# How is this possible?  Tan beret....non-Regiment



## Boondocksaint375 (Feb 21, 2008)

Can someone shed some light as to why these guys can wear a tan beret without being assigned to regiment.  I saw one bio of a guy who is assigned to group, but sporting a tan beret.  Maybe Jesse Macbeth thing wasn't a poser after all   I'm assuming it's some sort of USASOC thing..
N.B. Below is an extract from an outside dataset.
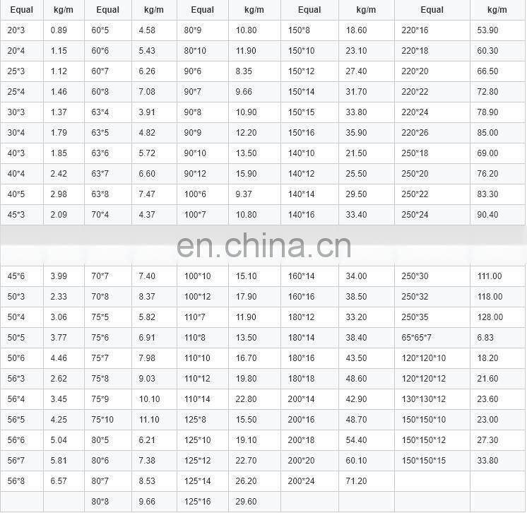 - equal steel angel iron

http://news.soc.mil/blkdgrslg/BioMain.htm


----------



## RackMaster (Feb 21, 2008)

Seems just to be for PR purposes.  Maybe it's just a recruiting initiative?  Show off the beret to the kids to entice them to sign?


----------



## Hard H2O (Feb 21, 2008)

Are they assigned to the correct unit and on loan or TDY or whatever to the Black Daggers?


----------



## Boondocksaint375 (Feb 21, 2008)

The person I was referring to was assigned to 7th SFG, but a Black Dagger.  So I would have thought he would sport the Green Beret.  In the full bio, it said he used to serve in the 75th, but that still doesn't make sense to me.


----------



## Charlie (Feb 21, 2008)

I think I know that Powell guy...
But since he is assigned to 7th Grp he would wear a Green Beret


----------



## Centermass (Feb 21, 2008)

Boon,

He's USASOC. He was assigned after selection w/o being Q/C qualified. Guys from Regiment wear the tan until or if they have completed the Q/C and then wearin o the green is the reg headgear.  
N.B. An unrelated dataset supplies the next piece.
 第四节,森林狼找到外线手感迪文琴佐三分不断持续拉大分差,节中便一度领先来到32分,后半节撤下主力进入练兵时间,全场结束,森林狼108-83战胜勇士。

No one I know of has ever had to mandatorialy attend once behind the fence, although at one time, they had that option. 

Now he's on SD with the demo tm.   

Check the flash and the crest. It may say he's assigned 7th Grp, but the photo depicts you know who.


----------



## Boondocksaint375 (Feb 21, 2008)

That makes sense, sort of   Thanks


----------



## 8'Duece (Feb 21, 2008)

One of the guy's clearly has a 3rd Group flash and SF crest on his Tan beret. 
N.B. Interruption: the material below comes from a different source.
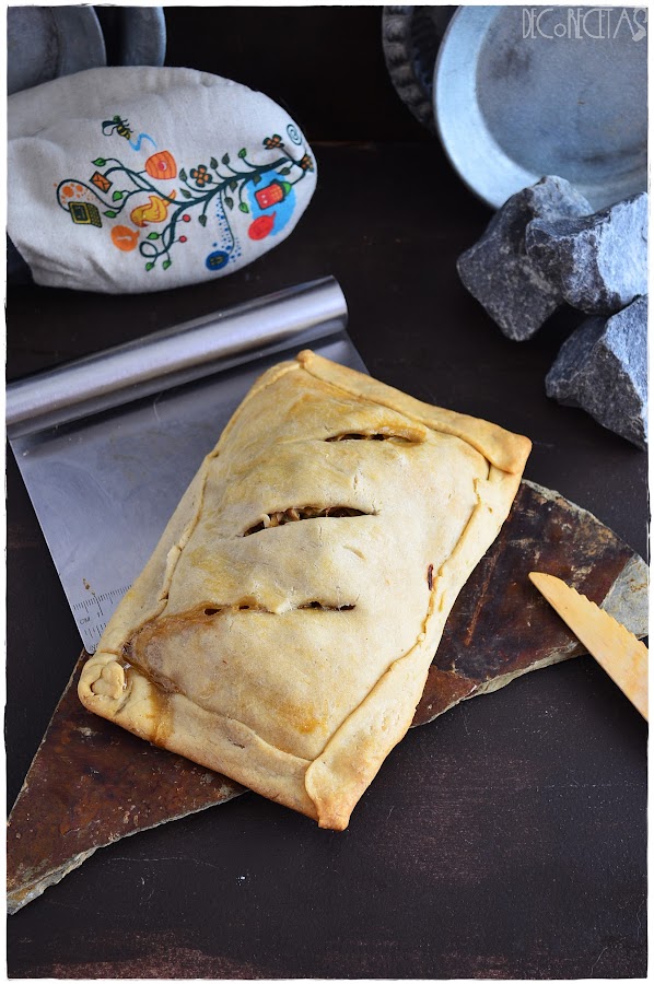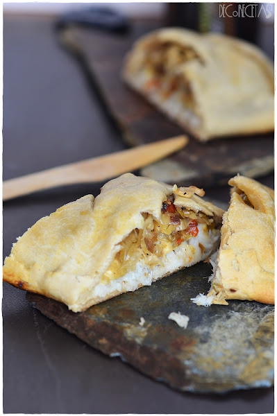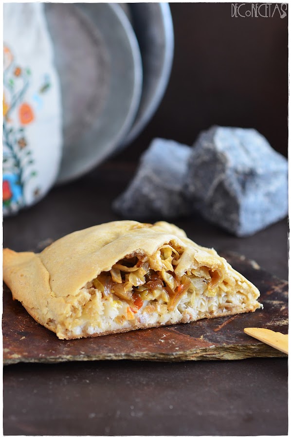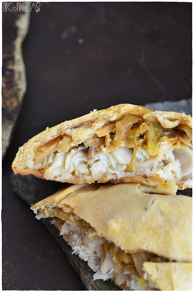 Para realizarlo utilice la masa de las empanada argentinas y de pescado, abadejo, que es el que siempre tengo congelado en la nevera. Luego hice un salteado de cebolla, pimiento rojo y verde, y finalmente col en juliana con un chorrito de salsa de soja. Puse la mitad de la masa estirada con un rodillo, encima el pescado, el salteado de col y tapé con la otra mitad de masa. Llevé al horno por 30 minutos a 170º

Could be a support type, but came from Regiment, and get's to wear his previous units beret ?? 

Somehow I thought all of them would sport the USASOC flash with the "Sine Pari" crest. 

Inquiring minds would like to know. :doh:


----------



## 275ANGER! (Feb 21, 2008)

Interesting.  Then again the RTB Fags! wear the Tan beret (yes I said Fags... I will take my major minus now) and are not even apart of Regiment or USASOC or alright you get the point!  I think Centermass is right.


----------



## pardus (Feb 21, 2008)

FYI, The tan beret was worn (not issued) by US Combat Trackers is Vietnam as that is the SAS beret and it was SAS personal that trained them originally.


----------



## Boondocksaint375 (Feb 21, 2008)

Well yeah, and tankers wore black berets before batt... lol


----------



## Centermass (Feb 21, 2008)

Here's another example of both USASOC, one with Q/C quals and the other from Regiment







Both BRC winners from last year. Notice the flash and crest on both (identical)


----------



## Boondocksaint375 (Feb 21, 2008)

I actually remember the day they told us that Regiment was considering a new beret for us. Their were copies of the proposals hanging around the AO. I wish I kept a copy, but I believe there was a dark red color, a green (oh yes, let's just piss off Group and steal theirs), and several other ones that I remember sucked...but can't remember. I'm sure some of the other guys that were in while I was can add to that. At that point everyone liked the tan but had the "who really fucking cares" attitude.


----------



## 275ANGER! (Feb 21, 2008)

Ok so this is the way I understand it.  If you are long tabbed you wear the Green beenie,  If you are not you wear the Tan beenie while assigned to USASOC... right?


----------



## 275ANGER! (Feb 21, 2008)

Boondocksaint375 said:


> At that point everyone liked the tan but had the "who really fucking cares" attitude.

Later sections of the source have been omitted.